##### RECORDS #####

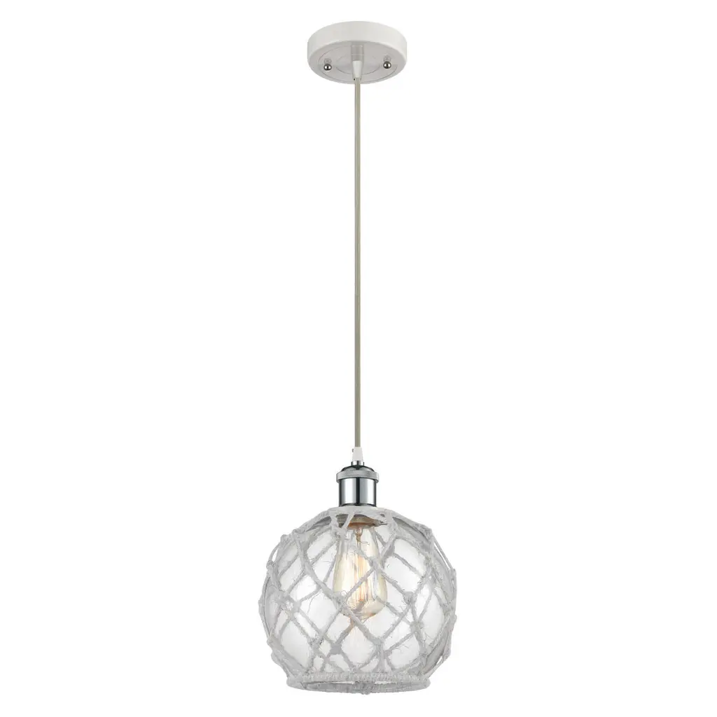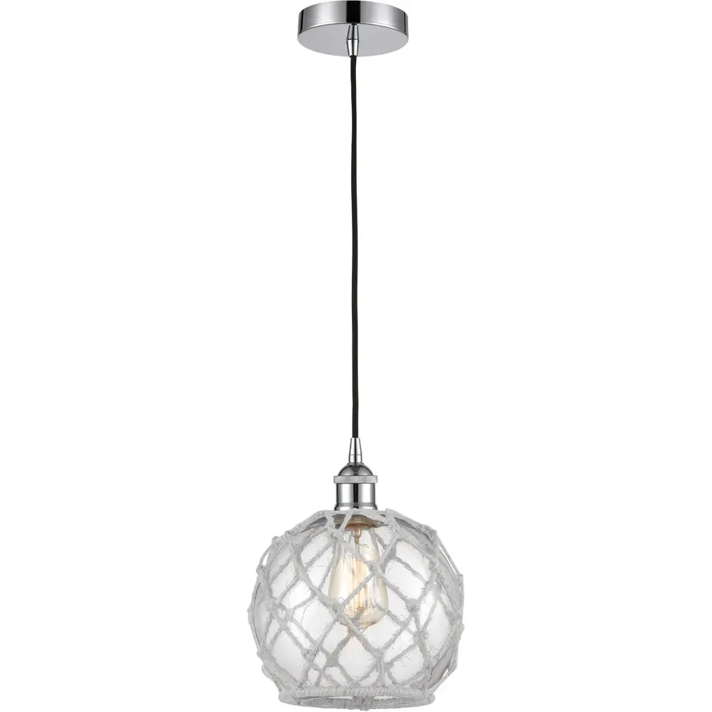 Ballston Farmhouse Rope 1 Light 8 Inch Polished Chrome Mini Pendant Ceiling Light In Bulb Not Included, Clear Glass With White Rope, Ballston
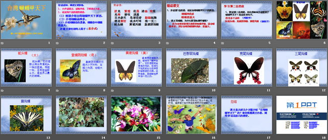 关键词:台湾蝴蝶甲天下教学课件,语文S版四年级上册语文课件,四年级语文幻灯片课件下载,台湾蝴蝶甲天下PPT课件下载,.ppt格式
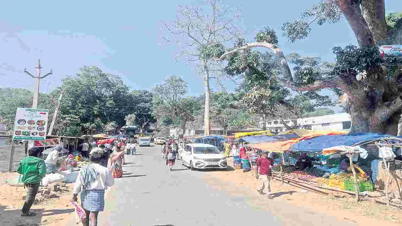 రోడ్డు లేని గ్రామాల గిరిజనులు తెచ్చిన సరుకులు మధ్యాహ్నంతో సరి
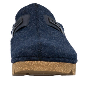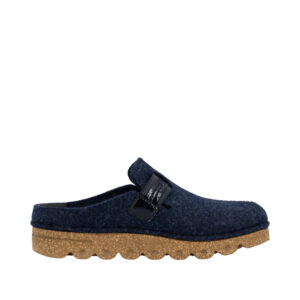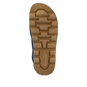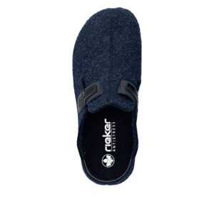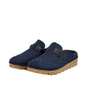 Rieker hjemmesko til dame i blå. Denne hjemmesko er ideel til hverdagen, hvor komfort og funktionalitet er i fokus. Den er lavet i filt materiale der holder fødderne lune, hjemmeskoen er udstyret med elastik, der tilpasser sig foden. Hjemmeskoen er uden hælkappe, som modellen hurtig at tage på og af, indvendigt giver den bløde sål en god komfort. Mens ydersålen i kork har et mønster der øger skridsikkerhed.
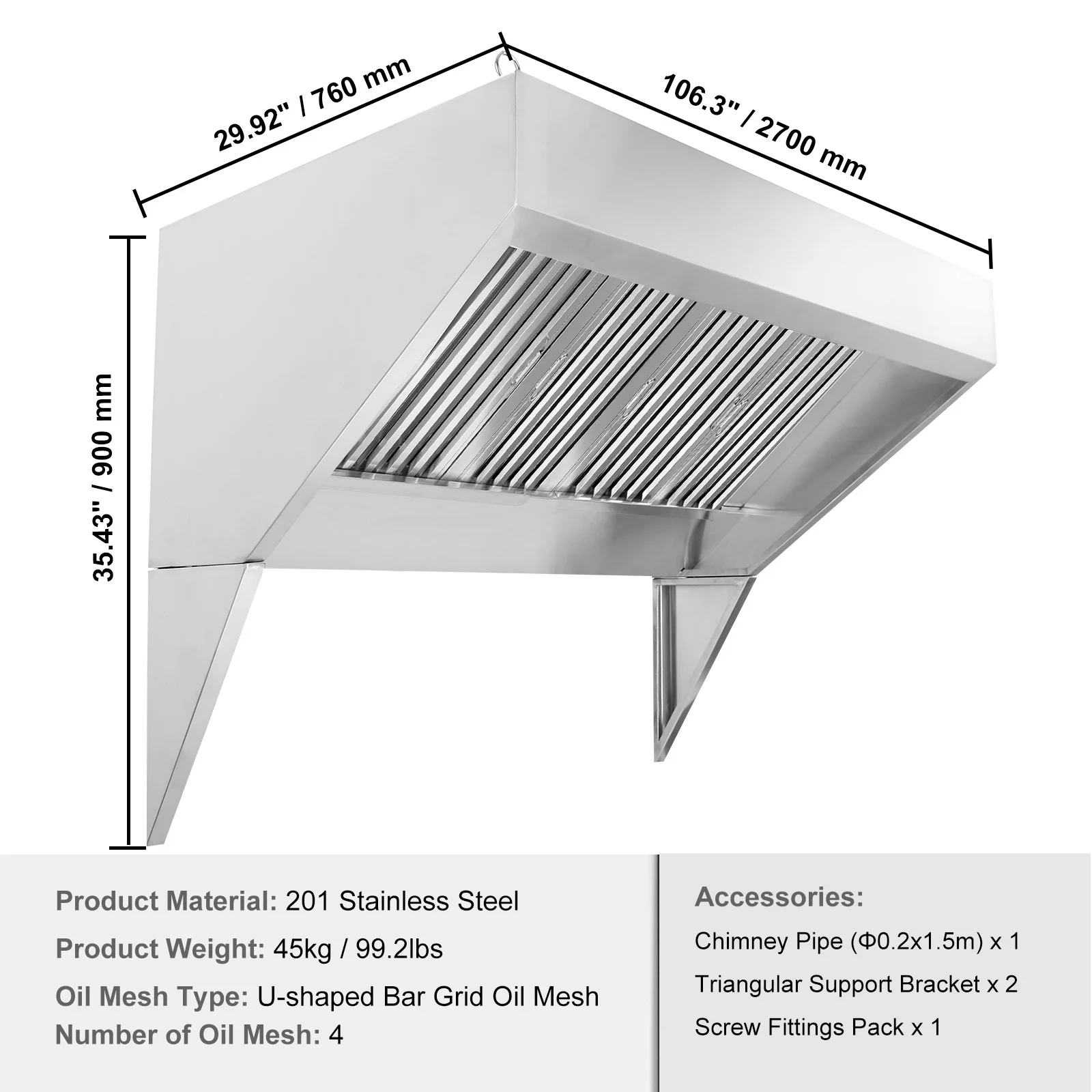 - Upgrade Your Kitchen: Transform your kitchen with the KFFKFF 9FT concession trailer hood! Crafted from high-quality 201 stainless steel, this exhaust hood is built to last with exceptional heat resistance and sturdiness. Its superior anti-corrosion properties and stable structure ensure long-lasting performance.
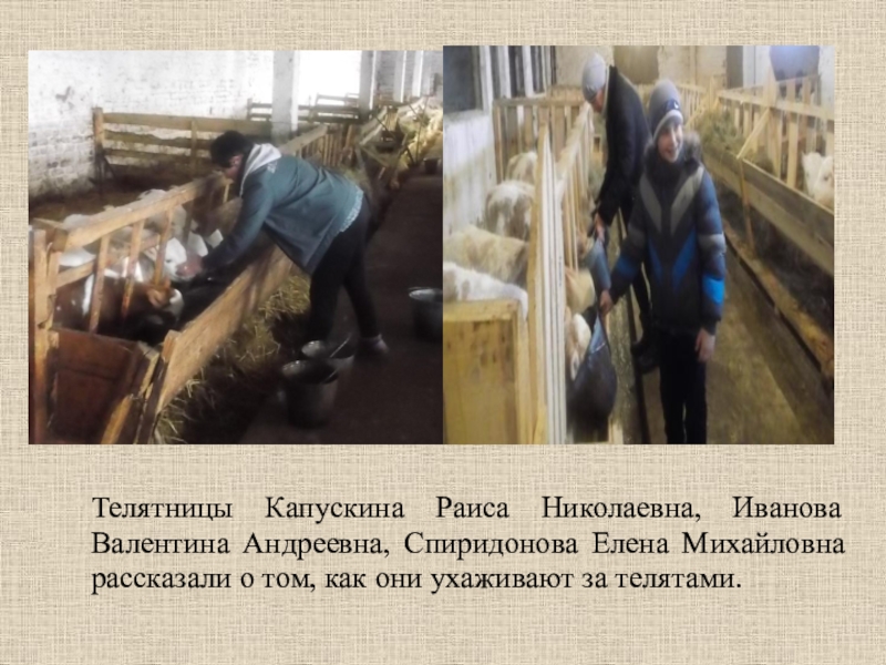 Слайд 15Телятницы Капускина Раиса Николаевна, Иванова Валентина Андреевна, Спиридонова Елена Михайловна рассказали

#####
##### RECORDS #####

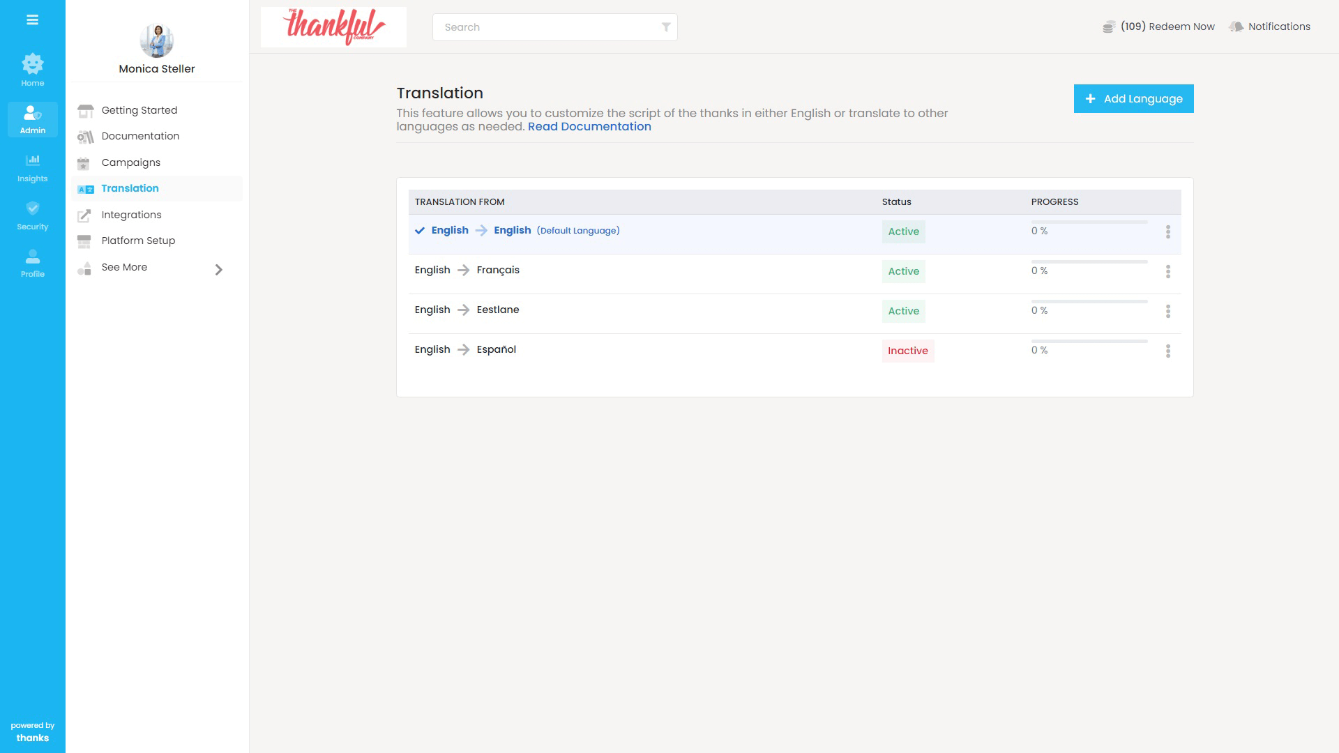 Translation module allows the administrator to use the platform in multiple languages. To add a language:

#####
##### RECORDS #####

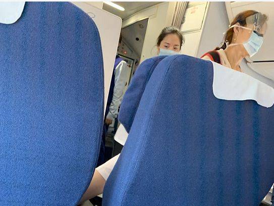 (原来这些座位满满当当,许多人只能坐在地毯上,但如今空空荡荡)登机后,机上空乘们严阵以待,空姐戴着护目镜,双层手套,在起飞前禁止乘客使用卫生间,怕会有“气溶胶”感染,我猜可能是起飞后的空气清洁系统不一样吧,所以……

#####

EXERCISE BRIEF: Print everything from the line with "Ballston Farmhouse Rope" down to the line with "రోడ్డు లేని గ్రామాల" in the entries above, both lines included and nothing more, without the pictures.

SOLUTION TO THIS TASK:
 Ballston Farmhouse Rope 1 Light 8 Inch Polished Chrome Mini Pendant Ceiling Light In Bulb Not Included, Clear Glass With White Rope, Ballston
 关键词:台湾蝴蝶甲天下教学课件,语文S版四年级上册语文课件,四年级语文幻灯片课件下载,台湾蝴蝶甲天下PPT课件下载,.ppt格式
 రోడ్డు లేని గ్రామాల గిరిజనులు తెచ్చిన సరుకులు మధ్యాహ్నంతో సరి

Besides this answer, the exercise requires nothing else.